1. Object detection. A MobileNet V2 finds slates in each frame, and detects the timecode digits within them.

2. Multi-frame clap search. A slate can be in two states: clapper open (raised), or shut (snapped closed). The “clap” — the moment the sticks meet — is the exact frame the audio team needs for sync. The detector also classifies open vs shut, so I can walk the candidate frames in a clip and identify the precise clap frame, not just any frame containing a slate.

3. Timecode OCR. A second MobileNet V2 reads the timecode digits off the clap frame. Error correction (sanity-checking against timecode continuity rules) is in progress.

The clean job boundaries between the three stages mean failures are debuggable — a bad bounding box looks different from a missed open/shut classification, which looks different from garbled OCR. And each stage improves on its own training schedule without entangling the others.

Where the training data came from (it didn’t exist)

Here’s the part I learned the most from. There is no public dataset of film slates. Even if there were, real slates vary enormously: handwritten clapboards, digital burn-ins, different fonts, layouts, colours, motion blur, glare, lens characteristics. Hand-labelling thousands of examples wasn’t viable as a side project.

I synthesised them.

The pipeline ran in two stages.

Blender generated each slate as a 3D object. Different shapes (rectangle clapboard, modern digital burn-in card), different fonts, randomised values for shot name, take number, timecode. Procedural variation across hundreds of combinations of layout, colour, font, type style — and crucially, both clapper states. Output: clean rendered slates with perfect ground-truth labels — known bounding boxes, known timecode strings, known clapper state.

ComfyUI then ran each clean render through a diffusion pipeline that added the texture of real footage: motion blur, lens grain, lighting variation, sensor noise, slightly off-axis angles, partial occlusion.

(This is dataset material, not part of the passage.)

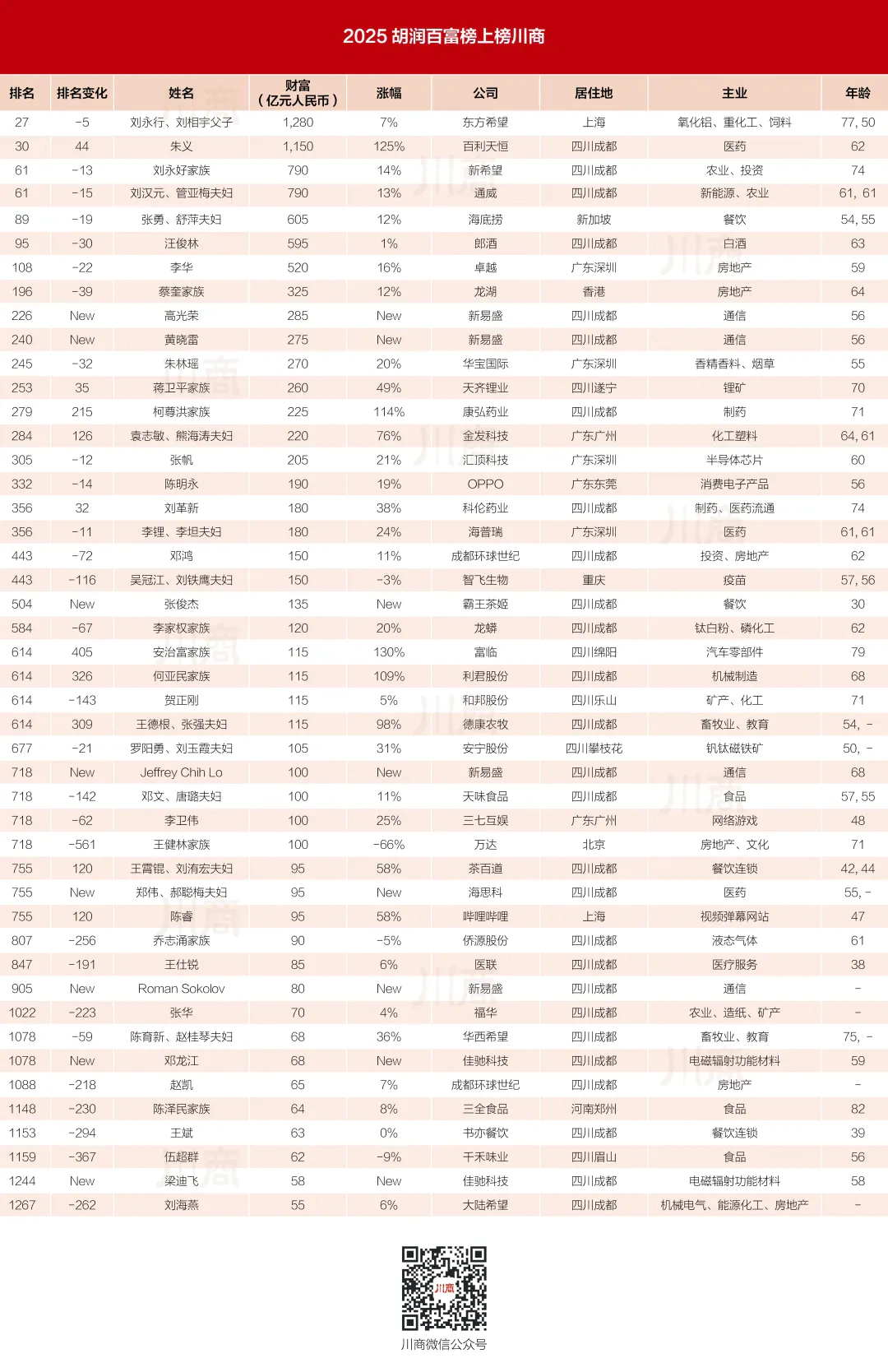 此前报道:2024胡润百富榜发布!这些川商上榜→

The diffusion model knew nothing about slates as a concept. It just knew what film footage looks like, and it applied that texture to the Blender renders.

The result was thousands of training images that looked like real captured footage, every one of them with ground-truth labels attached automatically. Real footage was held out and used only for evaluation — never for training.

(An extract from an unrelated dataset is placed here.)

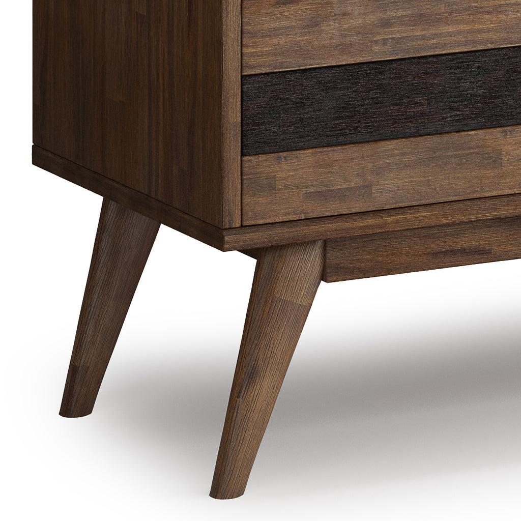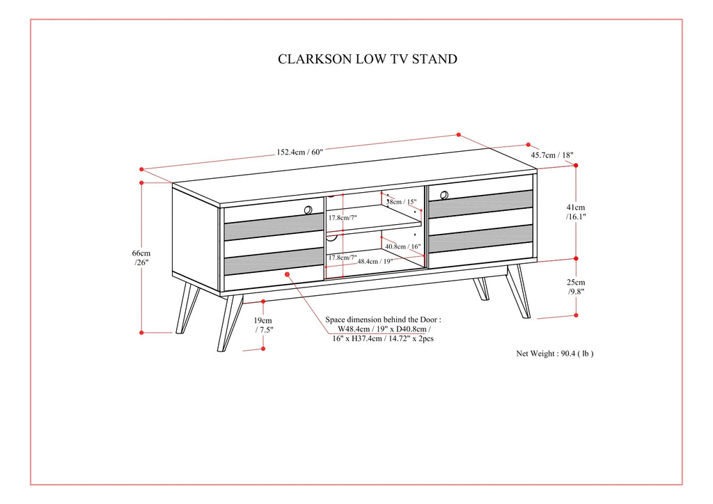 - Mid Century design includes dark brown accent detail and discreet cut out door handles

The detector generalises to real slates it has never seen. The OCR model reads timecodes off them. That generalisation is the whole point of doing it this way.

The system in action

The video shows detection on standard smart slates at the head of a clip, detection on an inverted tail slate, and the debug overlays during inference.

The numbers

Inference latency: ~45ms per frame, detection + OCR combined
VRAM: 800MB per model, fits alongside the host colour grading application without contention
Training time: 3–4 hours on a single GPU
Training data: synthetic, generated in batches as needed
Real footage: evaluation only

How it lives in the host system

The detector runs inside Flexi, FilmLight’s ML plugin for Baselight. Flexi loads the MobileNet models directly into the timeline, so detection runs per-frame in the same pipeline as the rest of the grade. Python via FLAPI handles aggregate frame data analysis, the UI surface, and orchestration across the three stages. The result is a tool that lives inside the dailies operator’s existing workflow rather than as a separate app to context-switch into.

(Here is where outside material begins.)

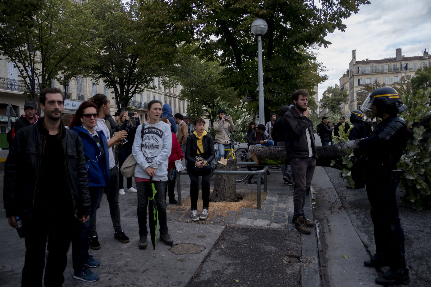 Le 16 octobre à Marseille, l'abattage des arbres qui entoure la place Jean Jaurès, appelé communément la plaine, a débuté. En quelques heures, les ouvriers se sont afférés à couper les arbres, malgré les tentatives des habitants de la Plaine pour ralentir leurs destructions. Certains se sont hissé dans les arbres alors que d'autres tentent tant bien que mal à ralentir les travaux. La tension est palpable. Depuis près d'une semaine, des affrontements éclatent entre force de l'ordre et les défenseurs de la plaine qui refusent d'accepter le plan de rénovation de la place qui n'a pas tenu compte de l'avis des habitants et commerçants. Sans réelle concertation, ce projet de réaménagement est appelé à devenir une zone à défendre. Alors que la coupe des arbres semblent imminentes, la tristesse des défenseurs de la plaine est sur les visages.

What changed for the operator

I sent v0.1.0 to a dailies operator at a post house for testing. The note that came back:

I have been running slate detect v0.1.0 through its paces and I have to say I am extremely impressed. As is, I can see this tool offering tremendous value to a Dailies operator, eliminating much of the “slate hunting” that has to be done. This is one of the first things I’ve worked on in a while that feels really bleeding edge.

“Slate hunting” went from minutes per scene to seconds across a whole shot group.

What’s next

A CoreML port is in progress. Apple Silicon’s neural engine should bring inference latency down further and free the discrete GPU entirely for the host application. OCR error correction lands soon after.

The lesson I’m taking forward: when the data doesn’t exist, build it. When the constraint says small, design for it. Several specialists with clean job boundaries usually beat one generalist with a fuzzy one.